# Can Someone Explain Introverted Sensing



## niss (Apr 25, 2010)

inevitabilis said:


> I heard Si mostly uses the "five senses".


Everyone uses the five senses to take in data. We have no other method to receive stimuli.


----------



## LibertyPrime (Dec 17, 2010)

The_Cold_Apple said:


> Hello,
> 
> Can someone or several people explain to me how introverted sensing works. How can you sense internally? That doesn't make sense to me.
> 
> ...


*Si:*












niss said:


> Everyone uses the five senses to take in data. We have no other method to receive stimuli.


Humans have more then 5 senses


----------



## niss (Apr 25, 2010)

Dumaresq said:


> What? Where in the world did that last statement come from?





olias said:


> in response to your comment: "good lord, how do you do it? i think i'd break down and melt if I tried to answer every single Si thread that pops up here. there's literally hundreds of Si threads, some even still on the first page right now.
> 
> you must have oceans of patience."
> 
> I observe that we often denigrate other types because we don't personally like their style. ISTJ's especially get a lot of shit for just being themselves, but like you observed - they're patient and steady. The world takes all types.





Dumaresq said:


> I'm still missing the "appear simple people" and "needed just as much as ENTJs and ESFPs."
> 
> Also, the inclusive plural pronoun "we" is a little strange. As far as I'm aware, I haven't denigrated @niss. If anything, it was a compliment?





olias said:


> We being the community of human kind.

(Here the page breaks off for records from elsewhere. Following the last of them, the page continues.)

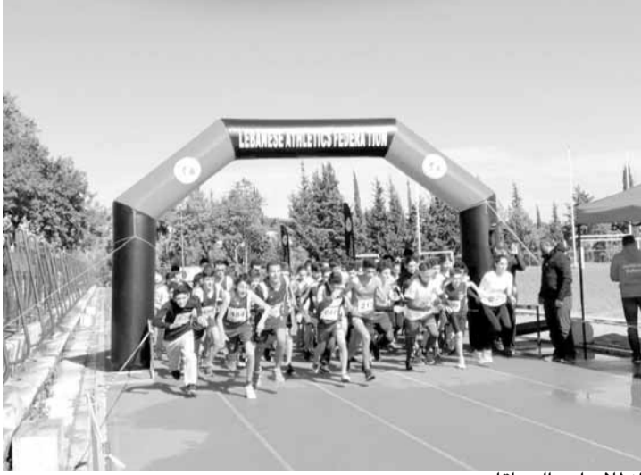
انطلاق أحد السباقات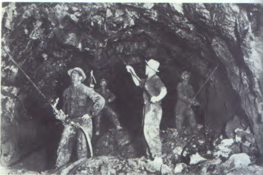
Mineurs au travail en galerie

Les éléments qui constituent l'identité d'une communauté vivent dans toute manifestation humaine. Ils forment l'ensemble des comportements que chaque membre du groupe exprime dans sa façon propre de se poser face à la réalité.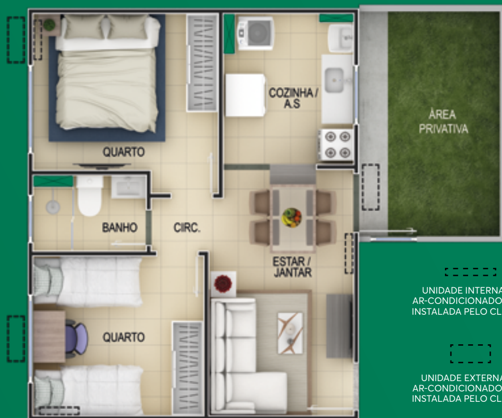
Ref.: Apto. 101 - Bloco 3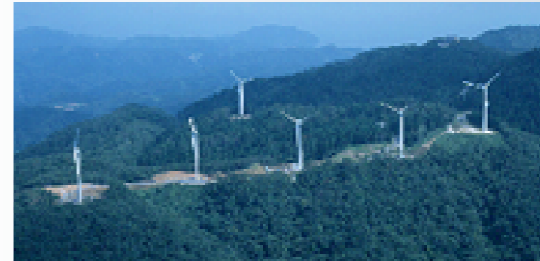
「関西グリーン電力基金」の助成による太鼓山風力発電所(事業主体・京都府)

関西電力は、風力や太陽光発電等の電力購入や、「関西グリーン電力基金」への支援などを通じて、新エネルギーの普及促進を図っています。2003年4月に施行された「RPS法」(「電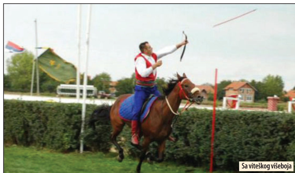
Sa viteškog višeborja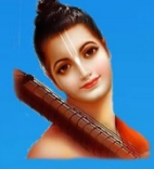
గురు నారద మహర్షి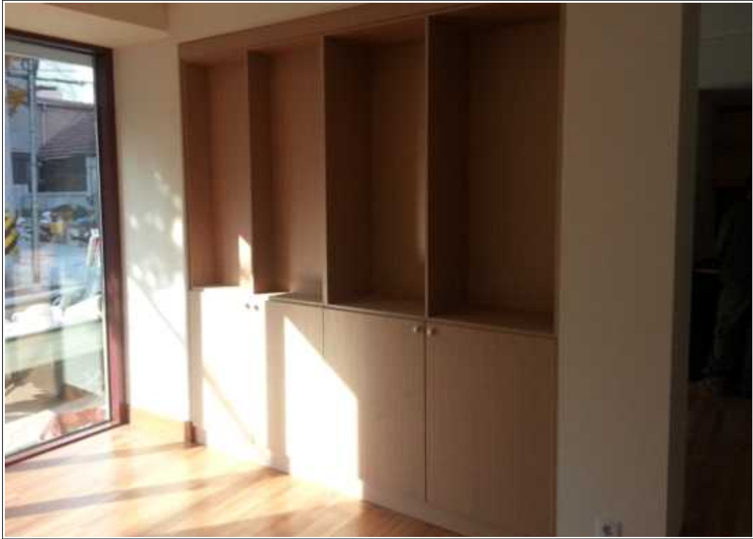
내용 : 1층 휴카페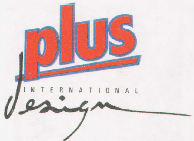
Enregistrement N° 1 713 369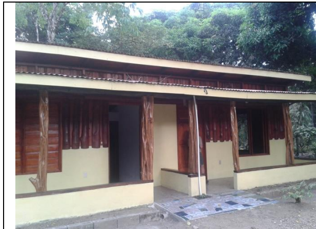
Habitaciones completamente equipadas

A generalized we. It was an observation of my generalized experience with types, and listening to others discuss various types. ISTJ's get a lot of shit for being boring or uninteresting in my experience. The flip side to what some see as boring is patience and perseverance, and reliability.
> 
> ENTJ's are strong, out front, domineering types sometimes. ESFPs can be loud, flashy, attention getting types. Because it's not uncommon for more extroverted types to draw attention, they also draw more energy in the form of analysis and understanding.
> 
> And this, ladies and gentlemen, has been a demonstration of the challenges in communication between INTJ's and ESTJ's ;-)


Basically, Si-doms are viewed in this manner because of our focus on the past. It is a natural extension of our cognitive functions that we will do so, because that is how we interpret data. Hence our tendency to disregard as irrelevant theoretical and abstract discussions (using the past to interpret the present leaves little room for "what if" discussions that lack immediate applicability).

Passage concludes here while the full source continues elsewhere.